Dr. Gro Harlem Brundtland, former director general of the World Health Organization, pressed for international collaboration on issues of health and sustainable development in her keynote address Thursday, a part of the celebrations for the John Sloan Dickey Center's 25th anniversary.
"There is no alternative to building a moral and scientific basis for taking more shared responsibility across nations," she said. "It is up to each and every one of us to do our part in making that happen in our own society and across the world."
Brundtland emphasized that an increasingly connected and globalized world will mean a more "common future," requiring collaboration among both public and private sectors. She spoke against the "liberalistic idea that states should retreat and leave most issues to the market," maintaining that government aid can be effective in addressing health and security issues.
Brundtland also discussed the health impact of the inequality gap, calling it "staggering."
In the least developed countries, three-fourths of people die before the age of 50, and infant mortality is almost seven times higher in developing countries than it is in industrialized ones, she said. Children born in developing countries have a 1,000-fold risk of dying of measles.

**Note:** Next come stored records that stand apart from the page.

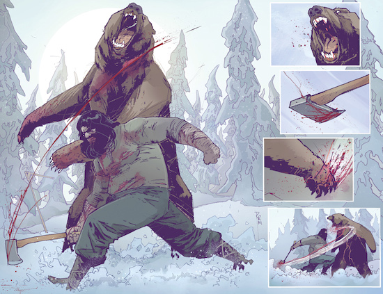The rest of the comic, Grecian dedicates to character exposition, spending its time in the cold light of Siberia, as Grigori chops wood with his father. His father Efin is a monster of a man and is depicted as a giant, who looms over his worrisome child. We don’t really know why he looks so scared until we go back to the family home and see the father physically abuse his wife. It is genuinely uncomfortable to see the violence, which is where Rossmo excels. Once again his depiction of the abusive father is so apt, that we all know how bad he will behave before we see him do it. The scene where he fights a bear is just incredible as Efin stands tall and shows very little fear, reaffirming the notion he is more animal than man. The story plays out in a way you wouldn’t imagine because as realistic as the portrayal of this story may appear, there are mystical elements that allow Rasputin a chance at slow and painful vengeance. The boy is worried but he is not afraid. This is where I get the opportunity to discuss how Riley Rossmo art is so recognisable, because of the way he draws eyes. Almost all emotion pours through them, whether it be the father’s anger, the mother’s fear or the son’s love. They are normally wide and bright and you can see the whole of the whites of them. The shapes are the most expressive aspect and they can tell you all you need to know.
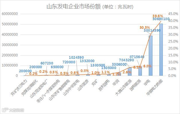在2019年年度双边协商中,中国华能集团有限公司(以下简称华能)旗下的发电厂所占市场份额高达39.6%,在它之后分别是华电集团的30.3%,大唐山东能源的6.1%,国电能源的6.8%。这些企业无一不是央企发电巨头。
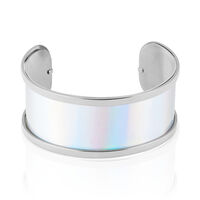 Jonc Acier Dore Motifs Deux Rangs Ajoures + Plaque Iridescente Bleue
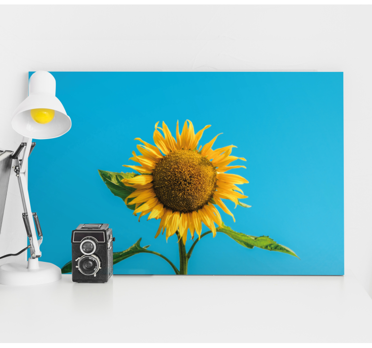Reference: Q6665En livlig solsikke står høj mod en klar blå baggrund. Dens gyldne kronblade stråler udad og omkranser en struktureret central skive. Friske grønne blade strækker sig fra stilken og fremhæver den naturlige skønhed i denne iøjnefaldende blomsterkomposition, perfekt til at tilføre et glædeligt præg til ethvert rum.
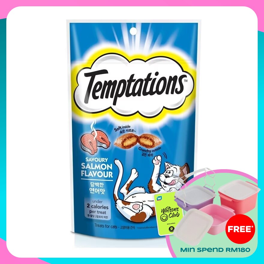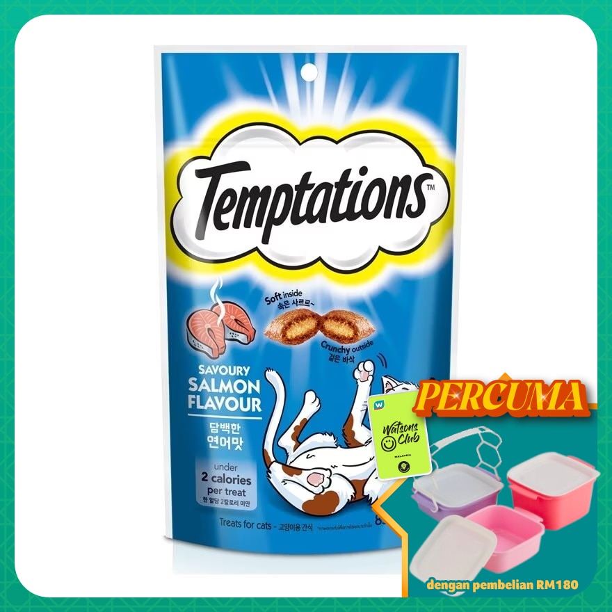 1. Delicious dual-textured cat treats with a tasty, crunchy outside and an irresistible soft centre.2. Available in different flavour such as tasty chicken, creamy dairy, savoury salmon, seafood medley and tempting tuna flavour3. Less than 2 Kcal in every cat treat.4. With no artificial flavours.5. Resealable Pouch to keep your cat treats fresh

She also noted the toll that global health inequalities have on women, citing that in Africa, one in 16 women dies in childbirth, compared to one in 4,000 in the western world.
Brundtland, who also served as the youngest and first female prime minister of Norway during the 1980s and 1990s, is well known for her international health policy work, specifically for her role in containing the SARS pandemic. She identified the response to SARS as an example of global public health at its best, praising the international media and the scientific community for sufficiently acknowledging and addressing the threat.
"Scientists put aside their differences and the drive to be the first, they shared sequencing and studied results," she said. "Public health authorities from opposite sides of the globe came together... and as a result in just four short months we had identified a new disease, unknown, and contained an outbreak that could have become a global catastrophe."
She noted that since poor countries cannot afford to fund basic health systems, international organizations and nations must contribute to ending world poverty.
Low and middle-income countries earn 18 percent of the world's income, bear 93 percent of the disease burden, and yet only account for 11 percent of global health spending.
Calling on the importance of collective security, Brundtland emphasized that urgent threats anywhere in the globe affect many nations.
"The rich are vulnerable to the threats that attack the poor, and the strong are vulnerable to the threats that attack the weak," she said. "There is no common future unless we invest in all people, in their future health and well being. Without it, there is no hope for development and peace."
Since she stepped down from her position at the WHO in 2003, Brundtland has continued her work in global health policy, serving as a member of the High Level Panel on Threats, Challenges and UN Reform appointed by UN Secretary General Kofi Anan.